This is a red herring, and more importantly,
not actually reflected in any d20-based RPG I've ever seen. Even if we move to the less-realistic sphere of action movies and thriller novels and so on, D&D just can't cut it, and the games that base themselves tightly on D&D don't typically try to cut it.
Even if you do miss more often - you also hit more often. This is why modern weapons are designed the way that they are. That's undeniable. If it wasn't a massive advantage to be able to fire a lot of rounds very quickly, then guns wouldn't be designed that way, and we'd all be charging into battle with sabres and double-barreled shotguns or something.
Specifics, please. I've played tons of successful D&D games where flintlock weapons were involved (or more primitive weapons), or d20 games where flintlock or similar weapons were the primary weapons of the setting, and it worked. Largely because they can only be fired as fast as or more slowly than other weapons in the setting.
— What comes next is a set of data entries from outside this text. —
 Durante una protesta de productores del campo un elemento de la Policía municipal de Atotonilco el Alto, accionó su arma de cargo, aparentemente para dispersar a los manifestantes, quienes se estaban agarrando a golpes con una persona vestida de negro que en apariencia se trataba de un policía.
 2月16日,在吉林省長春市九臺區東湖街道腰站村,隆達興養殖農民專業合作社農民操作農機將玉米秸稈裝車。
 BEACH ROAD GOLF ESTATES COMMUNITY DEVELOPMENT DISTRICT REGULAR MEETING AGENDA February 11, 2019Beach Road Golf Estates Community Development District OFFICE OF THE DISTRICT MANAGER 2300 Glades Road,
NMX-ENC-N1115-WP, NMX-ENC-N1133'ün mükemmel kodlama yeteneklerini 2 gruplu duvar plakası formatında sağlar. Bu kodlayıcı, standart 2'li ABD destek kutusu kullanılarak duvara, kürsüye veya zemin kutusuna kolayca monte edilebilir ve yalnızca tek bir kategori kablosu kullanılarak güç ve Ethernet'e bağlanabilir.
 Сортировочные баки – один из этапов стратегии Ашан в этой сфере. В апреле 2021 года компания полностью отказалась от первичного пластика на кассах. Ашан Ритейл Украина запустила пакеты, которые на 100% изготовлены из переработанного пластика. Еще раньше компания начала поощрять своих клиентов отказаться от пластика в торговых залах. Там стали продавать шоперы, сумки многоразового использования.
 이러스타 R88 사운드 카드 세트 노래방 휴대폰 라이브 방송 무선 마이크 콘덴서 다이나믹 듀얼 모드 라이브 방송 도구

Where modern firearms were? No. It all just gets really silly really fast unless you completely abandon HP as anything but plot armour (as
@ardoughter suggests). I seem to recall that Spycraft 2E attempted something similar to what you're suggesting re: multiple shots/attack, but I forget the actual mechanics, and I think it translated to just not tracking ammo and having bad rolls force you to reload or something. Spycraft 1E and d20 Modern were just completely terrible for this, and got silly pretty much the first time a gun was used in combat.
I mean, I tell you what, you say you could do this, I'm not going to challenge you to put your money where your mouth is, but can you even find a game that has successfully done it? Further, can you find a game that uses the d20 or 5E rules to its advantage, and does a better job simulating action movies or TV series or the like than a game actually intended to do that?
I've played loads and loads of games where the rules were "plausible" enough. I don't have exacting standards. But D&D has a peculiar set-up which is particularly bad for this sort of thing. This is a D&D problem specifically, not an RPG problem in general.